Bir önceki maddede bahsettiğimiz Neva Bulvarı öyküsü, mekan anlatımı konusunda ayrı bir seviyedir. Öykünün neredeyse yarısı boyunca anlatıcı Neva Bulvarı’nın her detayından bahseder. Gözünüzdeki bulvar imgesini tuğla tuğla inşa eder. Sabah saatinden başlayarak tüm gün boyunca bulvardan geçen insanları anlatır. İnsanların kıyafetlerinden sosyal sınıflarını anlamanızı sağlar, meydanın kozmopolit yapısını tüm açıklığıyla bizlere aktarır. Öykünün devamında yaşananlar ilginizi çekmeyecek olsa bile Neva Bulvarı öyküsüne şans vermelisiniz. Eğer daha gerginlik uyandırıcı, paranormal ögeler arayacak olursanız Viy öyküsünde yerel halk tarafından inanılan yaratığı öyküsüne nasıl konu ettiğini, genel hortlak anlatısına kıyasla nasıl farklı betimlendiğine şahit olabilirsiniz. Kısacası, sadece mekân değil karakter betimlemelerinde de ayrı bir seviyede olan Gogol’un yazdıklarında çaresizliği, korkuyu ya da endişeyi en saf ve etkileyici hallerinde bulabilirsiniz.

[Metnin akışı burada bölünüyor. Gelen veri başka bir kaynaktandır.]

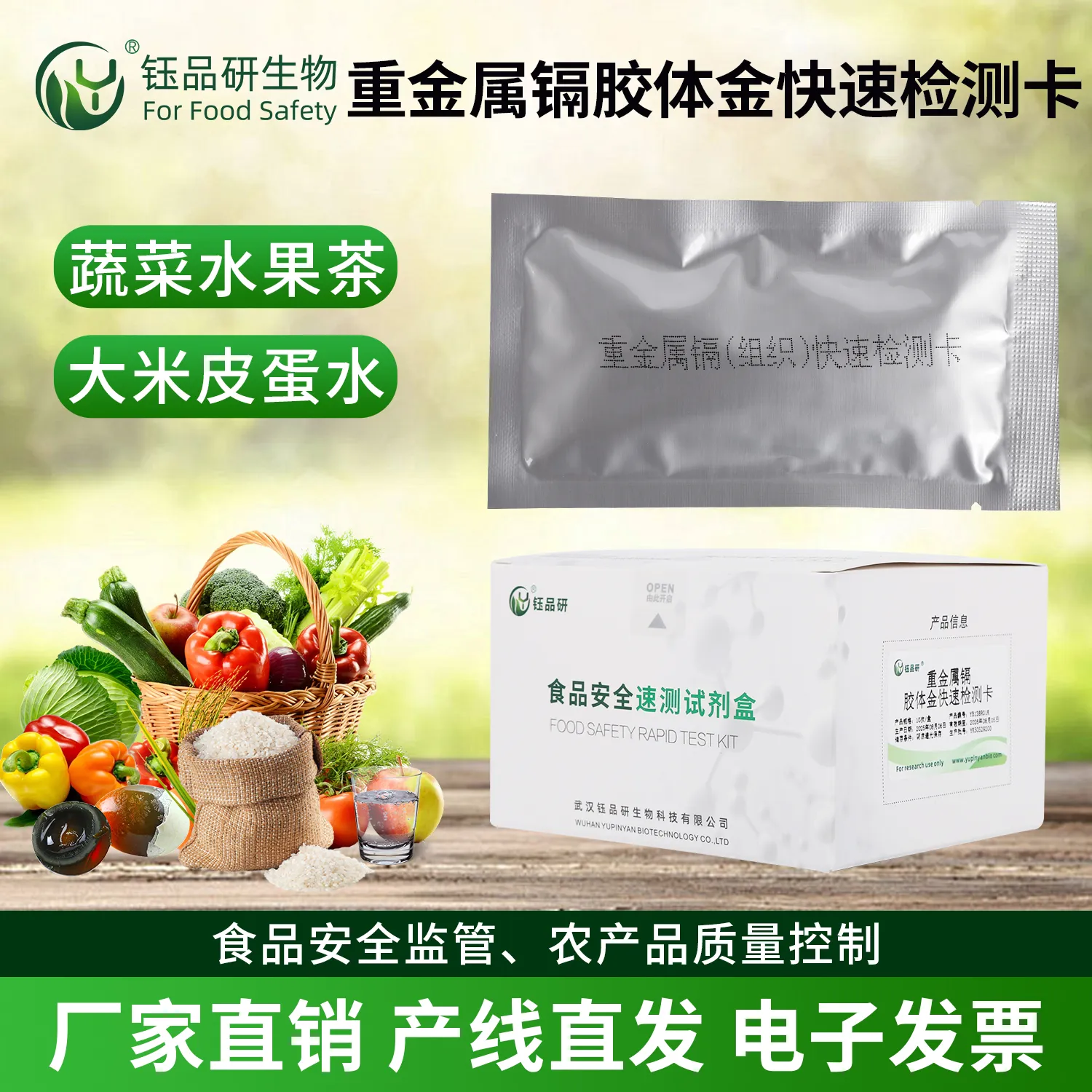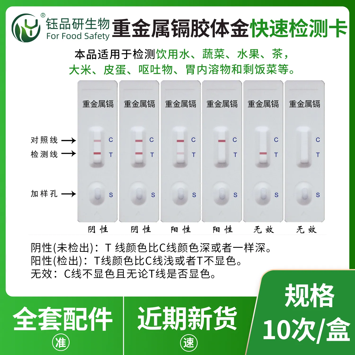 武汉钰品研生物重金属镉胶体金快检卡,基于竞争抑制免疫层析技术,样本中镉离子与胶体金标记抗体结合,抑制其与检测线偶联物结合,借 T 线颜色变化,10 分钟内快速判断残留情况。操作简便,无需专业设备,简单处理样本滴加试剂即可。镉具强毒性,长期摄入会损害肾脏、骨骼,甚至致癌。适用于农产品、水产品、食品加工企业自检、监管抽检等场景。咨询 13720286360,守护饮食安全。...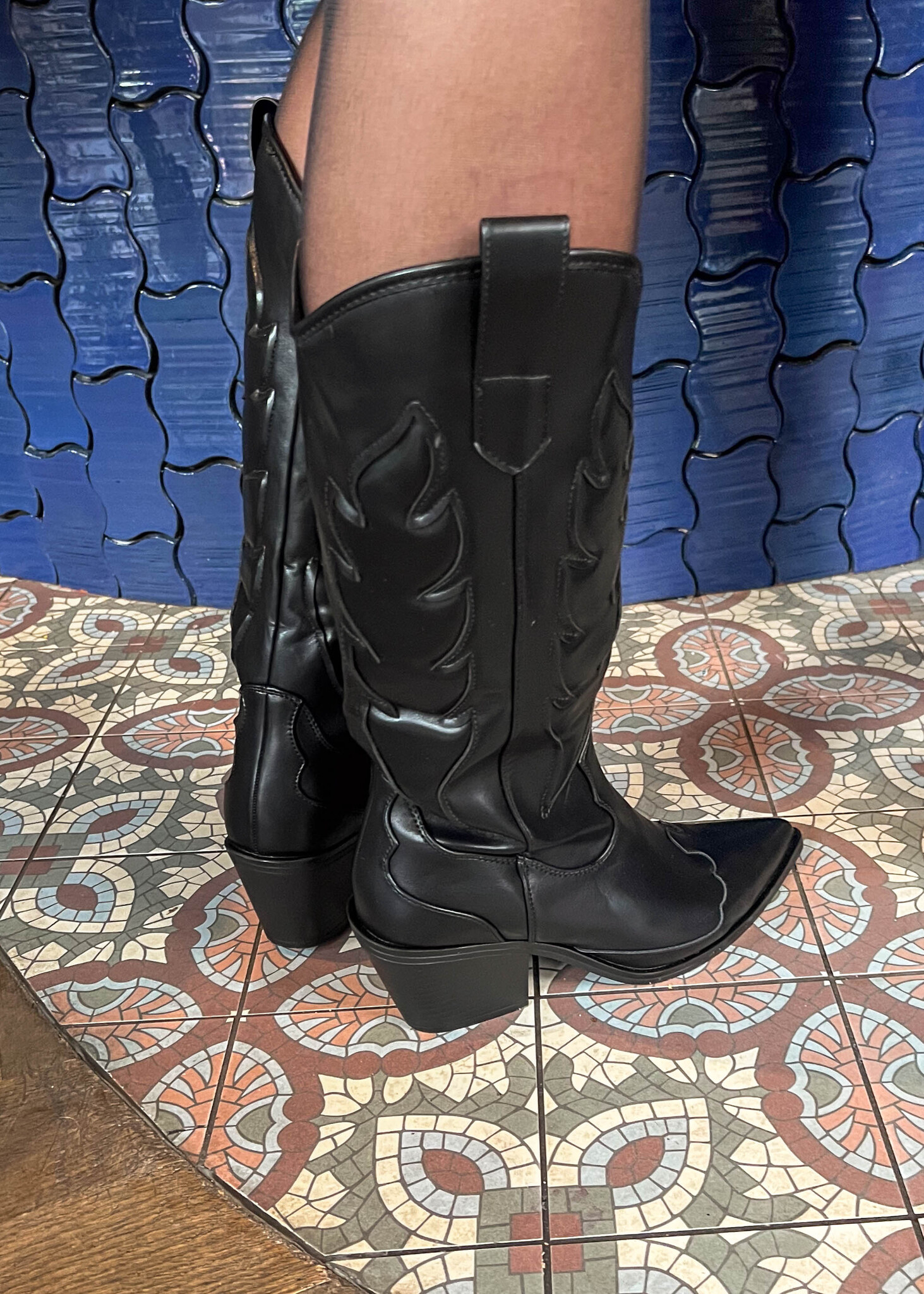 Deze zwarte cowboyboots zijn perfect voor elke gelegenheid. Combineer ze met een flowy jurk en een stoer leren jack voor een festival-ready look, of draag ze onder een mom jeans en een oversized trui voor een casual-chic vibe tijdens een citytrip.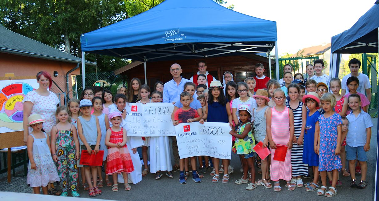 Traditionellerweis gouf d'Aarbechtsjoer an der Par Mamerdall - St. Christophe mat enger grousser Open-Air-Familljemass ofgeschloss. Uschléissend un d'Mass war wéi ëmmer e flott Grillfest, wat de Startschoss ginn huet fir d’Sozialaktioun vum nächsten Aarbechtsjoer. A fir d'Sozialaktioun vun dësem Joer ofzeschléissen, goufen 2 Schecken iwwerreecht: je 6.000 € kruten d'Asbl "Sourire en Haïti" an d'Asbl "Ile aux clowns”, déi e groussen Merci fir dëse generéisen Don ausgeschwat hunn. D’Sue goufen am Laf vum ganze Joer duerch verschidden Aktiounen gesammelt. Grouss a Kleng hunn an der Par dozou bäigedroen, datt dës enorm Zomm zesummekomm ass. E ganz besonnesche Merci ass awer un d’Sr. Modesta vun den Elisabetherinne gaangen. Si huet den Erléis vun hirem Floumaart-Verkaf gespend a mat 3.000 € wesentlech zum Erfolleg vun der Aktioun bäigedroen.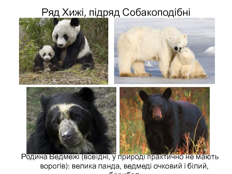 не мають ворогів): велика панда, ведмеді очковий і білий,барибал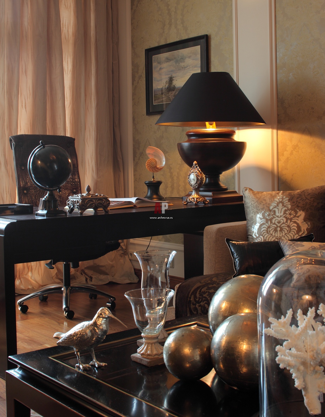По желанию заказчиков в общей зоне появился рабочий стол хозяина. Рабочему месту хозяйки дома решено было отвести место в спальне.

4.Kara Komediyi Barındırması

Devamında gelen Rus yazarlara kıyasla Gogol’un öyküleri komiktir. Bir karakterin hayatının nasıl kaydığını okuyor olmanıza rağmen sizi gülümsetebilir, ilk cümleden itibaren çizilen tüm karanlık havaya rağmen sizi güldürebilir. Burun öyküsünde burnunu kaybetmiş bir adamın yaşadığı korkuya, Palto adlı eserinde yeni bir palto alamayacak kadar kötü durumda olan bir adamın hikâyesiyle sizleri güldürebilir. Hikâyelerindeki bu başarılı güldürüsünün nedenine, günümüzdeki hikâyeler için kara komedi diyebileceğimiz, hiciv diyebileceğimiz ögeler diyebiliriz. Günümüz anlatılarında bu tarza sıklıkla rastlayabilirsiniz ama Gogol’un döneminde böyle hikâye anlatan biri yoktu. Hem anlatıcının dilinde hem de kurguda rastlayabileceğiniz bu güldürü unsurlarını, Gogol’u dönemin yazarlarından ayıran sebeplerden sayabiliriz.
5.Karakter Portreleri

Öykü türünü öykü yapanlardan biri, kısa zamanda ağır ve etkili hikâyeler anlatabilmektir. Gogol’un öyküleri için de bu söylenebilir. Sadece öykülerinde değil, Ölü Canlar adıyla bilinen romanında ve Müfettiş adıyla bilinen tiyatro oyununda da harika karakter portreleri çizer. Kendi hayatında karşılaşmış olması muhtemel devlet memuru tipi karakterler üzerinden yıllar boyu hatırlanacak, akıllardan çıkmayacak karakterler oluşturmuştur. Kimi zaman Akakiy Akakiyeviç gibi söylemesi komik isimleri yakıştırdığı karakterlerin kısa zamanda yaşadıkları karakter yolculuğu, hikâyenin karakterleri bir noktadan alıp öteki noktaya taşıyış biçimi okullarda ders olarak dahi okutulabilecek düzeydedir.
Hepimiz, Gogol’un paltosundan çıkmışız. Zor zamanımızda neden sığınmayalım?